「ストレスに強い遺伝子」がなくても、ストレスに強くなれる
日頃、ストレスをあまり感じたことがないという人がいたら、とても幸せな状況にあるか、ストレスに強い遺伝子タイプの人かもしれません。メンタルが強いといわれる人は、そのタイプでしょう。
反対に、何かあるとすぐに落ち込み、くよくよ思い悩む人は、ストレスに弱い遺伝子タイプの人、いわゆるメンタルが弱い人となりそうです。そういう人でも、ストレスに強い人になれるのでしょうか?
BDNF(脳由来神経栄養因子)がよく働く脳は、ストレスに対して強く、ストレスに影響されにくい、とわかっています。逆にBDNFがよく働かない脳は、ストレスに弱く、すぐ影響されてしまいます。
ストレスに強いか弱いかは、BDNFが重要なカギになります。しかし、BDNFはその人の持つ遺伝子によって働きの強弱が出てしまいます。だから、残念ながらストレスに強いか弱いかは、遺伝的にある程度、決まってくるわけです。
ストレスに強い遺伝子タイプと、先にお話しした開拓力が強い遺伝子タイプは一致します。ストレスを感じないから、どんどん新しいことをやれるんでしょう。さもありなんと納得できる話ですね。
しかし前項でお伝えしたように「運動」がBDNFの働きに大きく関わってくるのです。運動がストレス解消に効果的なのは、誰もが経験的にわかっているでしょう。
柔道やラグビーに打ち込んでいた私の学生時代の経験からも、小中高校で運動部に入ることを強くおすすめします。年をへて運動不足気味の最近は、「学生時代のほうが断然、頭が冴えていた。当時と比べたら、年がら年中ぼーっとしている感じだ」とすら思うほどです……。やっぱり運動が必要で、BDNFをガンガン出してボケない対策をしなければ、と実行しはじめています。

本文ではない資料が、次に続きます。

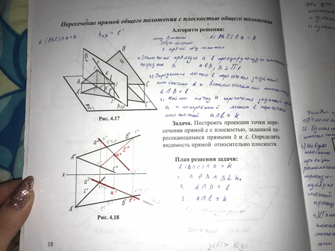 5) найти точку пересечения прямой с плоскостью общего положения.
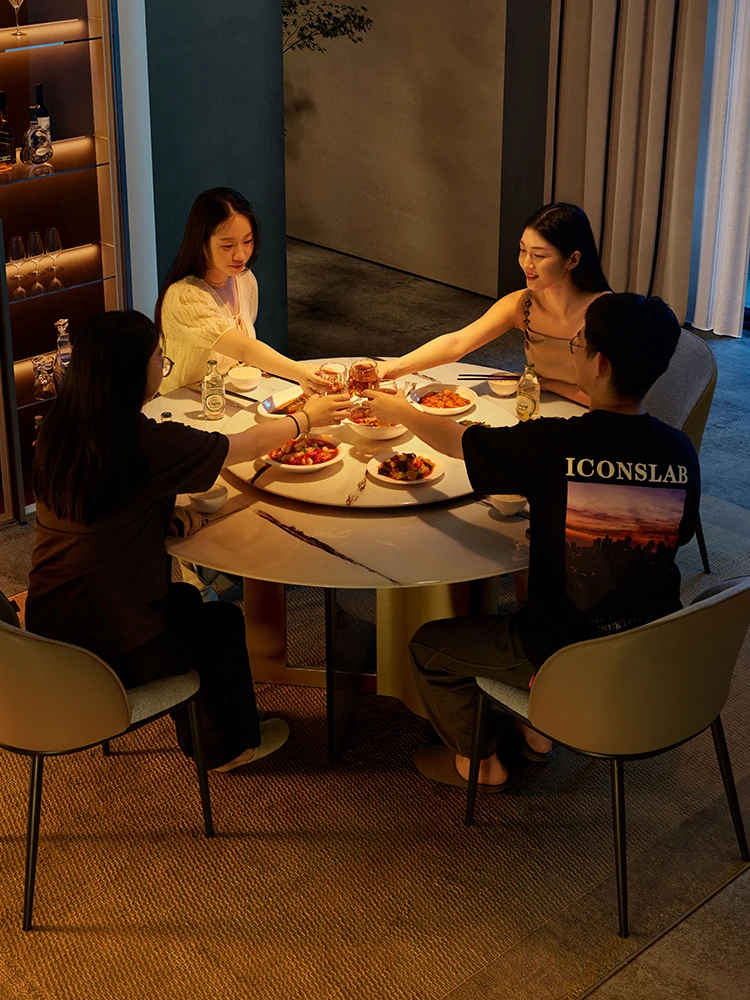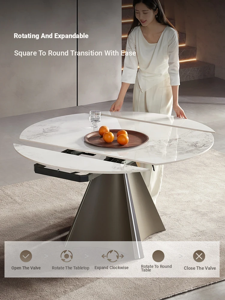 Modern Sleek Dining Table with Integrated Large Storage and Durable Sintered Stone Surface - Ideal for Family Gatherings by KUKA Home, Model PT7167KC
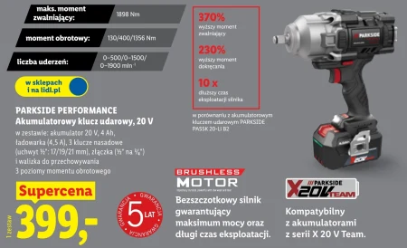 Akumulatorowy klucz udarowy PARKSIDE PERFORMANCE jest dostępny w ofercie Lidl w cenie 399,-. To wydajne narzędzie z bezszczotkowym silnikiem BRUSHLESS, przeznaczone do wymagających prac warsztatowych i motoryzacyjnych. W zestawie znajdziesz akumulator, ładowarkę, trzy klucze nasadowe oraz praktyczną walizkę do przechowywania, a także złączkę ułatwiającą pracę. Klucz udarowy oferuje trzy poziomy momentu obrotowego i wyróżnia się ponadprzeciętną mocą – zwalniającą aż o 370% i dokręcania o 230% w porównaniu do modelu PARKSIDE PASSK 20-Li B2, a także dziesięciokrotnie dłuższym czasem eksploatacji silnika. Dodatkowo, jest kompatybilny z akumulatorami z serii X 20 V Team, co czyni go jeszcze bardziej uniwersalnym. Oferta ważna od 2026-04-20 do 2026-04-26 Źródło: gazetka Lidl
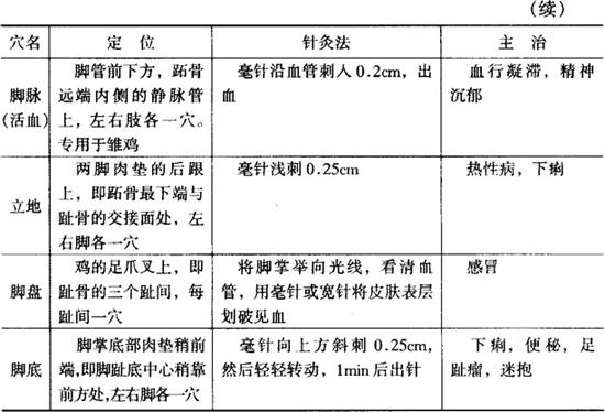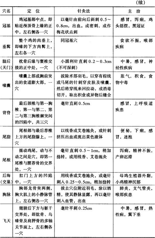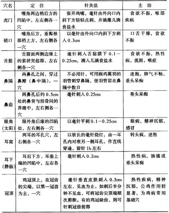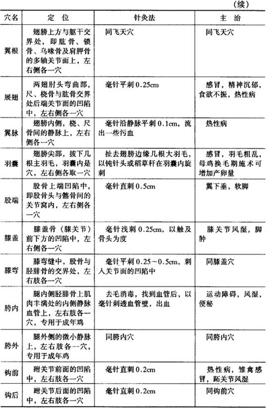 鸡的穴位
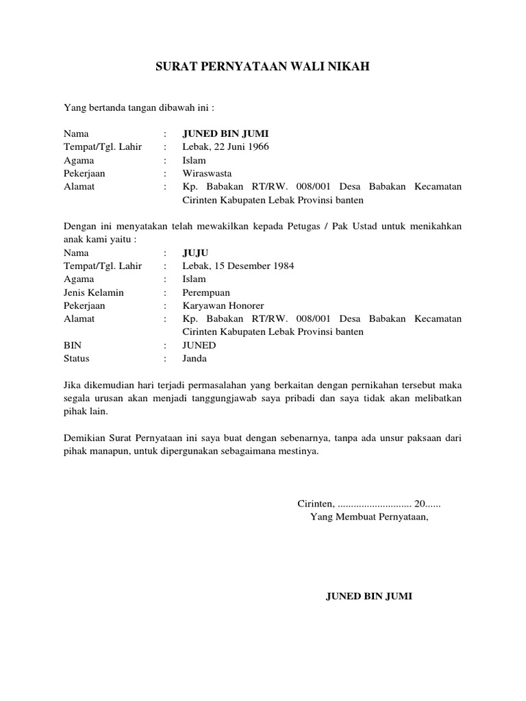 Contoh Surat Pernyataan Wali Nikah Kumpulan Contoh Surat Dan Soal Terlengkap
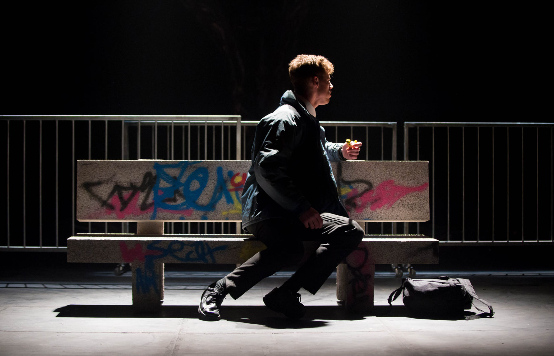 I tried, string, rope, fabric, wire, before coming to metal mesh that reflected the harsh world of the play and the metal “grill” one of the teenage characters in pushed into. We decided the branches should come in gradually each scene to represent the group being dragged further and further into their problem. The final image then has the branches all around them. Then we explored the other parts of the set as a naturalistic slice of each location.
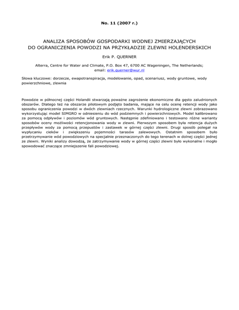 No. 11 (2007 r.) ANALIZA SPOSOBÓW GOSPODARKI WODNEJ ZMIERZAJĄCYCH DO OGRANICZENIA POWODZI NA PRZYKŁADZIE ZLEWNI HOLENDERSKICH Erik P. QUERNER Alterra, Centre for Water and Climate, P.O. Box 47, 6700 AC Wageningen, The Netherlands; email: [email protected] Słowa kluczowe: dorzecze, ewapotranspiracja, modelowanie, opad, scenariusz, wody gruntowe, wody powierzchniowe, zlewnia Powodzie w północnej części Holandii stwarzają poważne zagrożenie ekonomiczne dla gęsto zaludnionych obszarów. Dlatego też na obszarze pilotowym podjęto badania, mające na celu ocenę retencji wody jako sposobu ograniczenia powodzi w dwóch zlewniach rzecznych. Warunki hydrologiczne zlewni zobrazowano wykorzystując model SIMGRO w odniesieniu do wód podziemnych i powierzchniowych. Model kalibrowano za pomocą odpływów i poziomów wód gruntowych. Następnie zdefiniowano i testowano różne warianty sposobów oceny możliwości retencjonowania wody w zlewni. Pierwszym sposobem była retencja dużych przepływów wody za pomocą przepustów i zastawek w górnej części zlewni. Drugi sposób polegał na wypłycaniu cieków i zwiększeniu pojemności tarasów zalewowych. Ostatnim sposobem było przetrzymywanie wód powodziowych na specjalnie przeznaczonych do tego terenach w dolnej części jednej ze zlewni. Wyniki analizy dowodzą, że zatrzymywanie wody w górnej części zlewni było wykonalne i mogło spowodować znaczące zmniejszenie fali powodziowej.
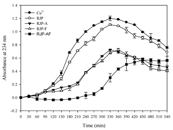 During incubation, the capacity of RJP and RJP hydrolysates to prevent LDL oxidation was evaluated by monitoring the generation of a conjugated diene. The absorbance was read every 30 min for 540 min using a Hitachi U-2000 spectrophotometer (Hitachi Co. Ltd., Tokyo, Japan) and the results were expressed as a relative absorbance at 234 nm. For each assay, measurements were performed at least in triplicate. The duration of the lag phase was calculated by extrapolating the exponential phase.

ちなみに私は運動することで頭が活発に働くBDNFの遺伝子タイプを持っていました。まさに運動部に入っていた学生時代は正解だったというわけです。
若いころ私は、北は青森から南は沖縄まで15都府県に出向き、「内視鏡一本さらしに巻いて」という感じで診療を続けた経験があります。どこかへ行ってくたくたになるまで仕事をしても、ストレスを感じることがなく、むしろおおいに楽しめました。
もしかしたら、学生時代に運動に打ち込んだことでBDNFが出まくり頭が冴えて、ストレスにも強い体質になっていたのかもしれません。